◆ **Task prompt**:
Please write out all the data that follows exactly, without the pictures.

(Saved entries)
Content starts

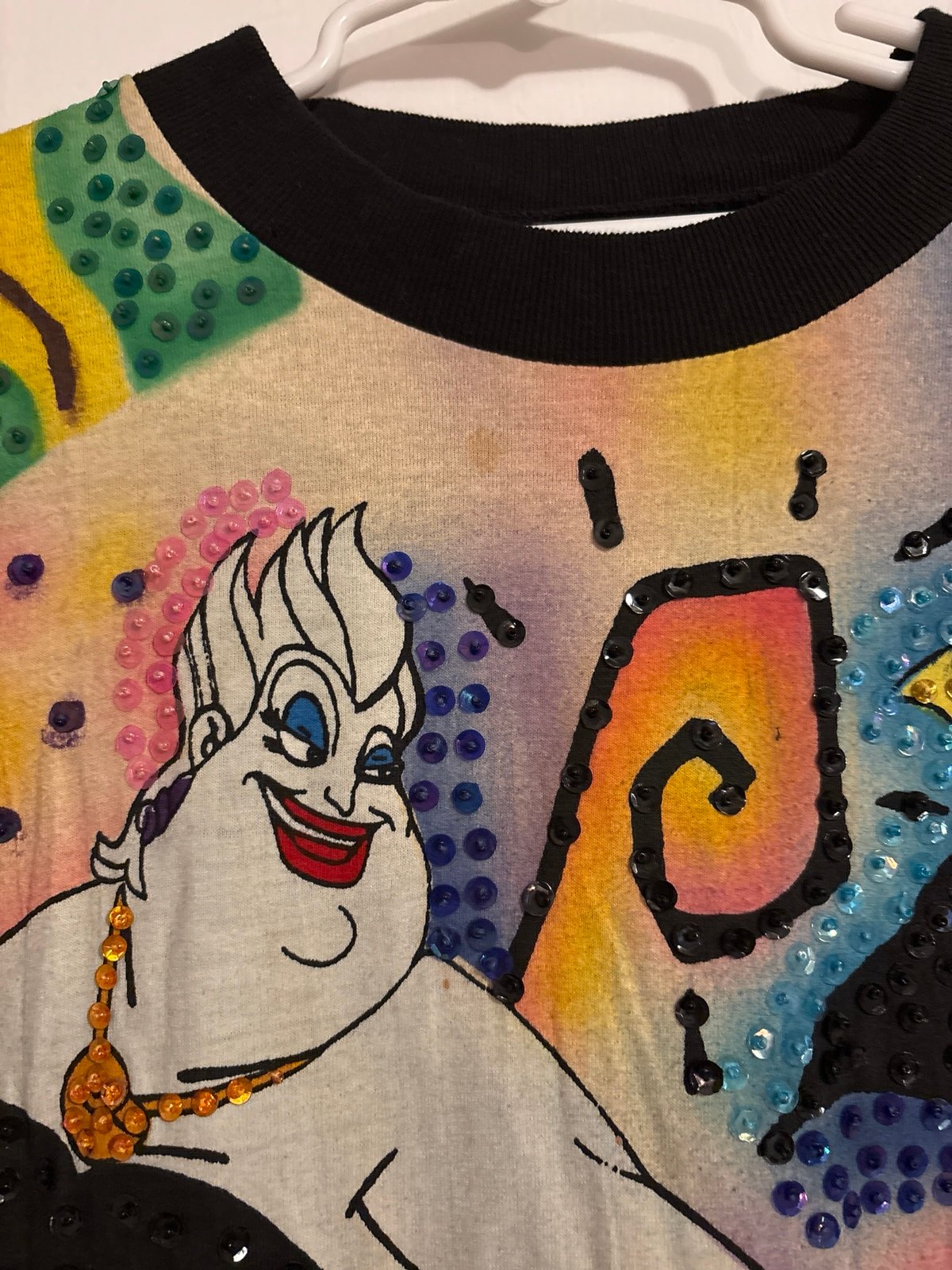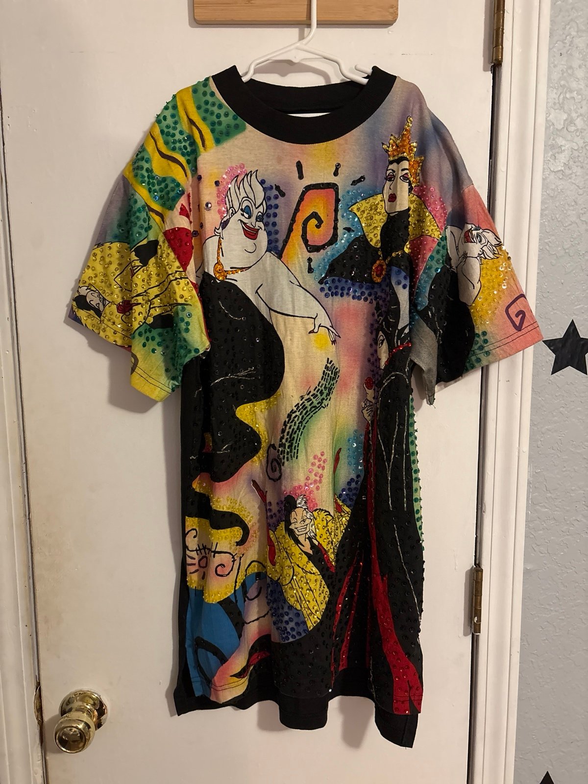 Extremely beautiful and in wonderful condition with no missing gems or sequence, Disney villains, oversized T-shirt there is one small stain at the top, but it is very unnoticeable fits like a large to extra large could also be worn as a super cute dress!
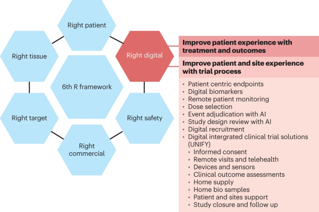 阿斯利康自创的“5R”原则将其研发成功率从4%提升至19%,领跑全球顶尖药企研发水平。2023年8月,现任阿斯利康全球研发首席数字健康官Cristina Duran博士正式提出将正确的数字解决方案(Right digital)加入“5R”,形成阿斯利康全新的“6R”研发原则[2]。(5R原则:指正确的靶点Right Target、正确的组织Right Tissue、正确的安全性Right Safety、正确的患者Right Patient、正确商业潜力Right Commercial)
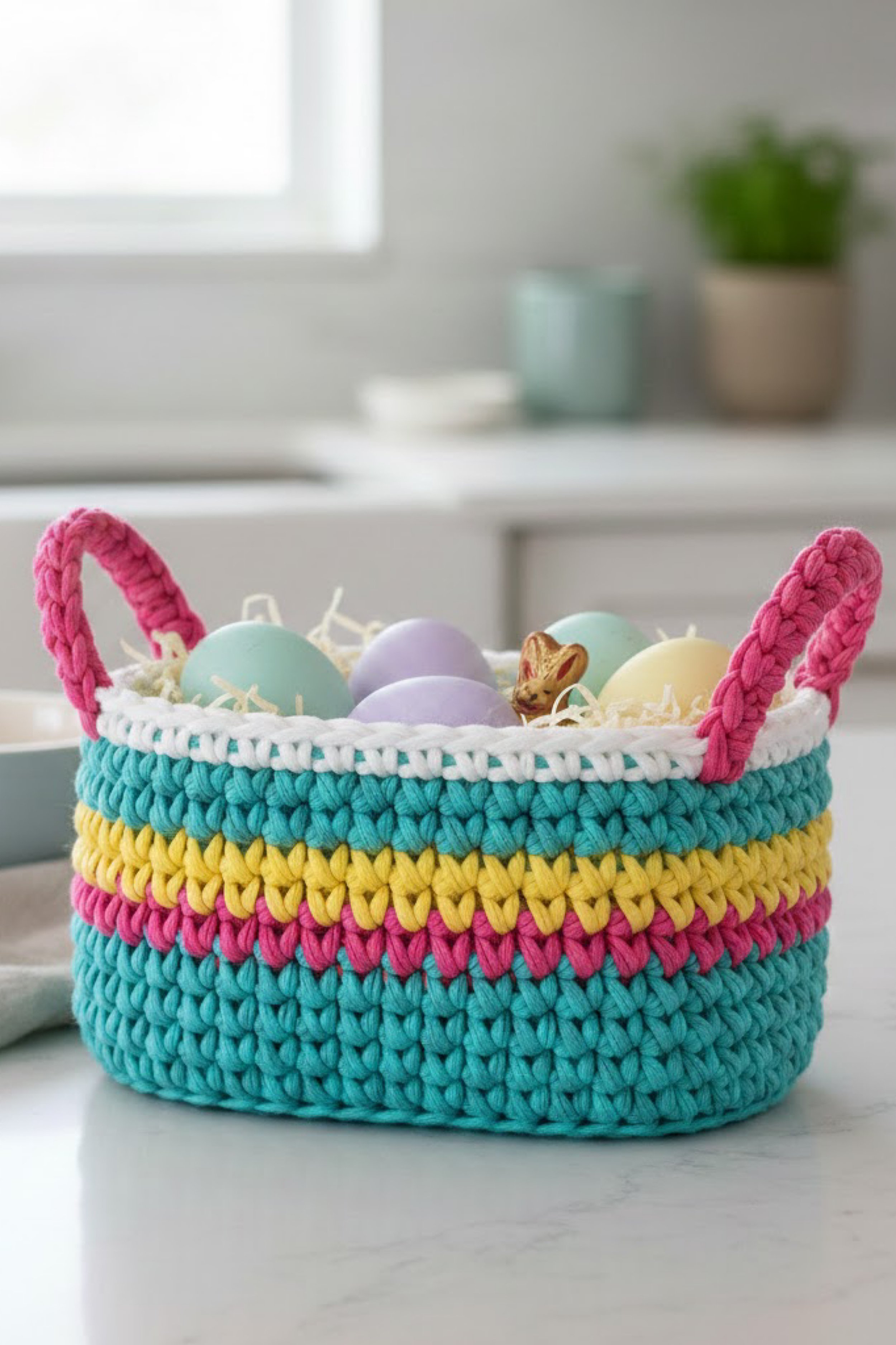 Bright Stripe Crochet Easter Basket With Chunky Handles DIY Guide
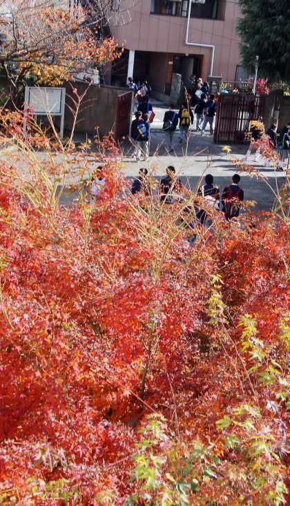 中庭のもみじは、色づいた木と、まだ、緑の残った木があります。
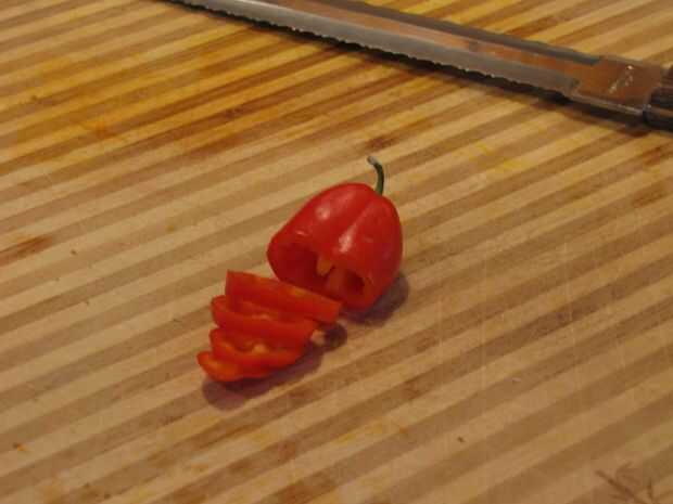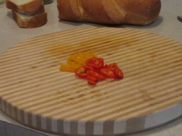 Entonces usted necesitará cortar los pimientos horizontalmente en tiras finas.
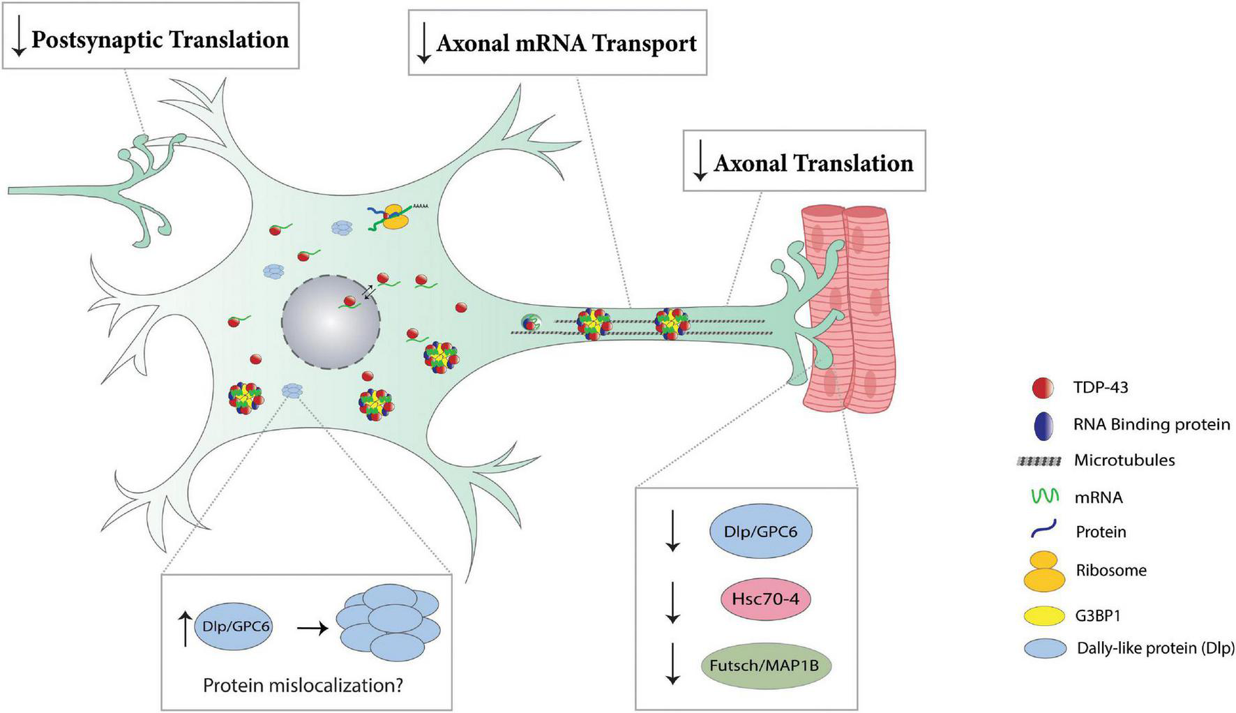TDP-43, ALS, FTD, translation, axon, dendrite, synapse, neurodegeneration
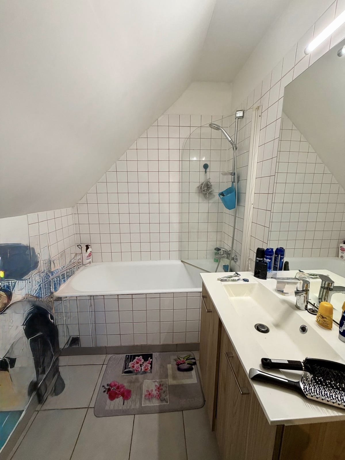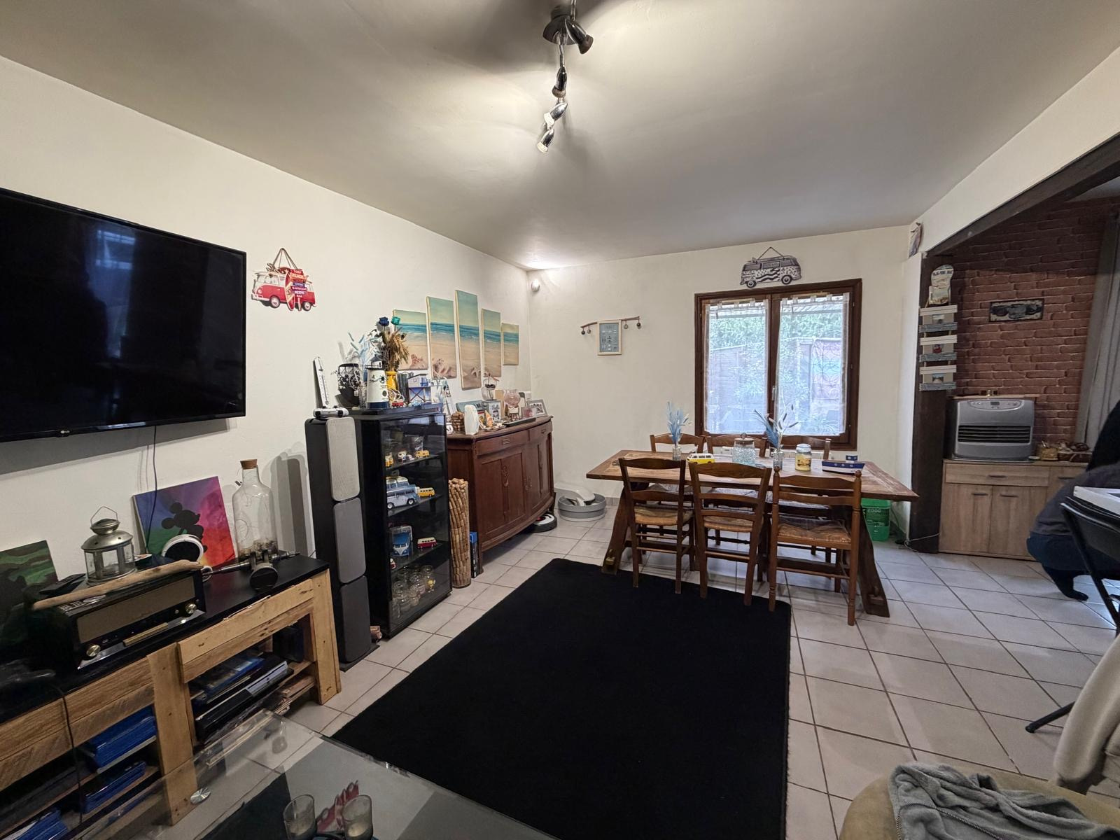 Au rez-de-chaussée : entrée sur une spacieuse et lumineuse pièce de vie avec cuisine aménagée et équipée (plaque induction, hotte, four, lave-vaisselle), ainsi qu'une salle d'eau avec WC. À l'étage, vous trouverez deux chambres et une seconde salle d'eau avec WC.

Content ends

◆ **Answer area**:
 Extremely beautiful and in wonderful condition with no missing gems or sequence, Disney villains, oversized T-shirt there is one small stain at the top, but it is very unnoticeable fits like a large to extra large could also be worn as a super cute dress!
 阿斯利康自创的“5R”原则将其研发成功率从4%提升至19%,领跑全球顶尖药企研发水平。2023年8月,现任阿斯利康全球研发首席数字健康官Cristina Duran博士正式提出将正确的数字解决方案(Right digital)加入“5R”,形成阿斯利康全新的“6R”研发原则[2]。(5R原则:指正确的靶点Right Target、正确的组织Right Tissue、正确的安全性Right Safety、正确的患者Right Patient、正确商业潜力Right Commercial)
 Bright Stripe Crochet Easter Basket With Chunky Handles DIY Guide
 中庭のもみじは、色づいた木と、まだ、緑の残った木があります。
 Entonces usted necesitará cortar los pimientos horizontalmente en tiras finas.
TDP-43, ALS, FTD, translation, axon, dendrite, synapse, neurodegeneration
 Au rez-de-chaussée : entrée sur une spacieuse et lumineuse pièce de vie avec cuisine aménagée et équipée (plaque induction, hotte, four, lave-vaisselle), ainsi qu'une salle d'eau avec WC. À l'étage, vous trouverez deux chambres et une seconde salle d'eau avec WC.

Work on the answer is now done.